A maior parte dos filósofos, anarquistas ou não, sempre afirmaram que este senso de justiça é a fundação de toda moralidade. De onde vem este senso não estão tão facilmente de acordo.

Para William Godwin, o primeiro partidário moderno do anarquismo, justiça era essencial o suficiente para ser incluída no título de seu trabalho mais influente, Inquérito acerca da justiça política (1793). Mas note o adjetivo qualificativo. Anarquistas desde sempre tem debatido entre separar justiça de política e dar a ela um contexto social mais amplo.

“Se justiça possui qualquer significado”, Godwin escreve, “é apenas que eu devo contribuir tudo em meu poder para o benefício do todo.” Mas Godwin toma como certo, com uma presunção Iluminada, que seres humanos irão agir racionalmente.

Pierre Joseph Proudhon, outro proponente do anarquismo, argumentou em “O que é propriedade?” (1840) que filósofos nunca realmente entenderam o significado da palavra justiça. Para ele, ela é a fundação de todas as relações humanas, sendo modificada por “reflexão e conhecimento”. Governos degeneram nossa sociabilidade natural por forma da criação de desigualdade e privilégio.

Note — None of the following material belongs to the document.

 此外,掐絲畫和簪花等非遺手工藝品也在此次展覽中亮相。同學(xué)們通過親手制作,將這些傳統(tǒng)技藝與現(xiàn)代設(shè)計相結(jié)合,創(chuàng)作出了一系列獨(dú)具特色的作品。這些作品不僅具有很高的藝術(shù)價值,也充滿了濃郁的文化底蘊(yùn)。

Em uma carta de 1872, o anarquista russo e rival político de Karl Marx, Mikhail Bakunin, concordou que nós nunca podemos ter real justiça quando a delegamos a outros. Uma sociedade genuinamente livre verá justiça como responsabilidade de todos. Em sua obra Catecismo Revolucionário (1866) ele define “consciência humana como a base da justiça, Liberdade individual e coletiva como a única fonte de ordem na sociedade.” Em todos os seus trabalhos, Bakunin determina igualdade como a condição essencial para a justiça.

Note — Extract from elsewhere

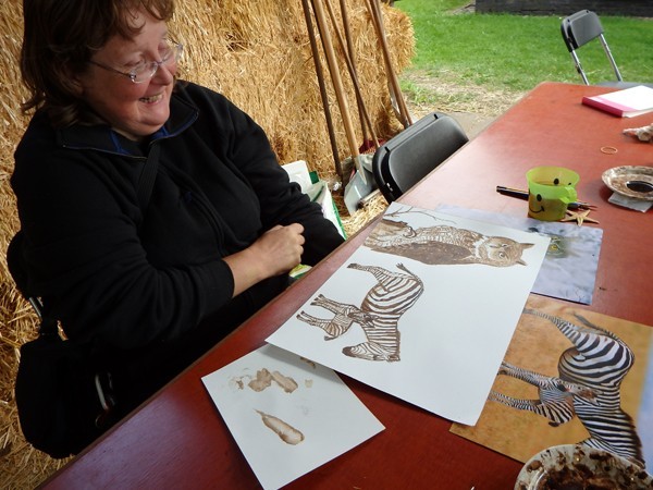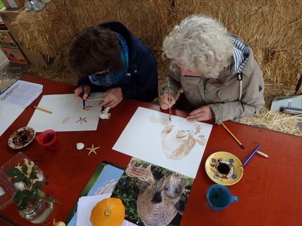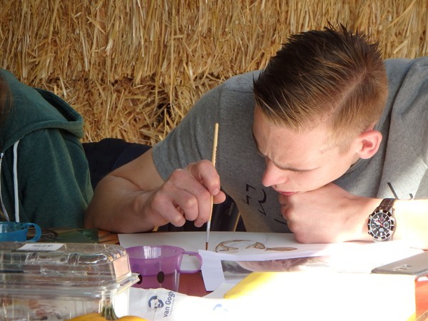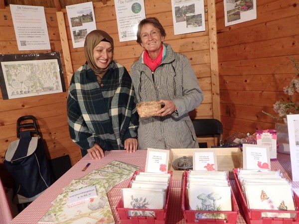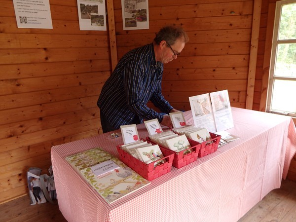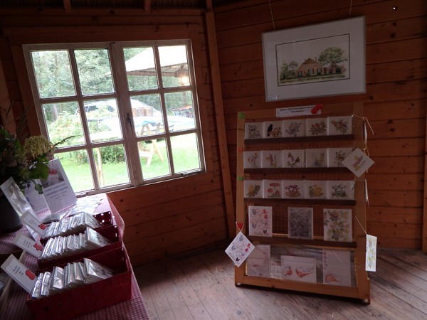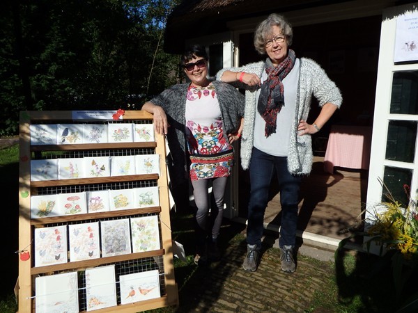 Voor mijn werk en producten mocht ik ook dit jaar weer gebruik maken van het theehuisje van Hoogmade. Onder de grote, vlak ernaast gelegen kapschuur gaf ik de tekenworkshop. Dit jaar deelde ik die ruimte met de Vogelbescherming. Gezellige buurtjes!

Em um ensaio de 1902, “Vingança Organizada Chamada ‘Justiça‘”, Peter Kropotkin, o anarquista autor de “Ajuda Mútua”, especula o conceito de um ponto de vista antropológico. Para pessoas primitivas, ele observou, a justiça era administrada por toda a comunidade agindo por consenso.

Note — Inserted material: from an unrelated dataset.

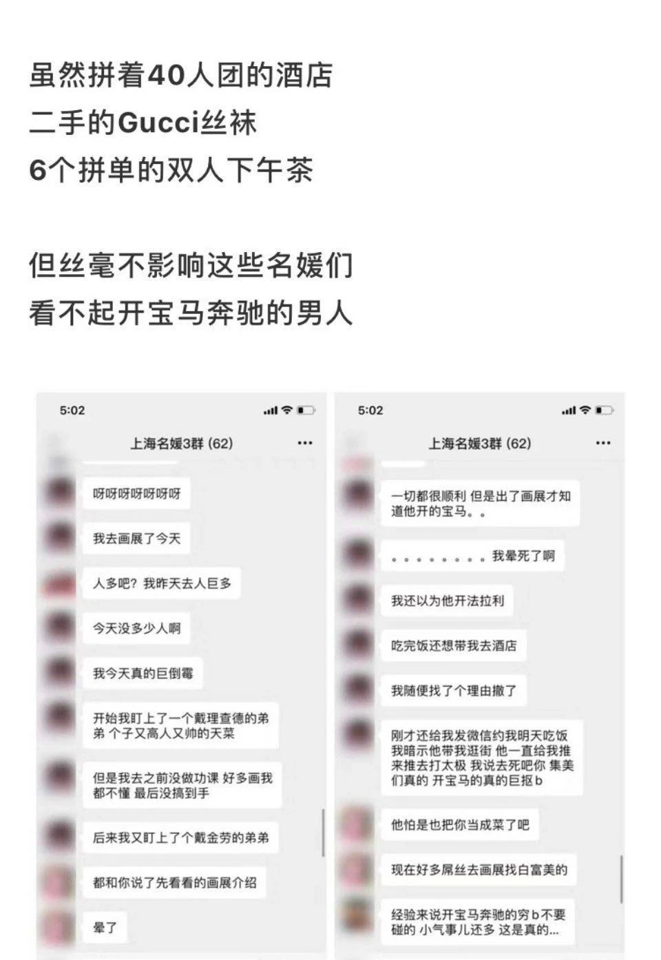 上海集体拼团装名媛的那帮人,其实已经不新鲜了,淘宝上也有相关业务,帮你美化朋友圈,总之,就是装名媛,装白富美。

Se desenvolveu através de um período de arbitragem e meditação (a era medieval, de acordo com Kropotkin) e com o surgimento do Estado moderno se transforma em um instrumento de vingança e controle em defesa das classes mais privilegiadas. “Justiça é correlacionada ao Estado”, ele escreve, “eles implicam um no outro.”     

Em uma sociedade anarquista, ele continua, justiça será “Arbitragem voluntária, com uma solidariedade mais efetiva, usando dos modos poderosamente educativos nos quais uma sociedade virá a ter, não deixando o cuidado de sua moralidade pública para os policiais.”

Anarquistas são geralmente ateístas, mas Emma Goldman (1869-1940) foi a primeira a dizer explicitamente que a justiça implementada por governos é tacitamente religiosa, sacrossanta, e contínua por que vem supostamente de uma fonte super-humana. Essa fonte pode ser Deus, ou pode ser “a vontade do povo”, mesmo que o povo não seja consultado.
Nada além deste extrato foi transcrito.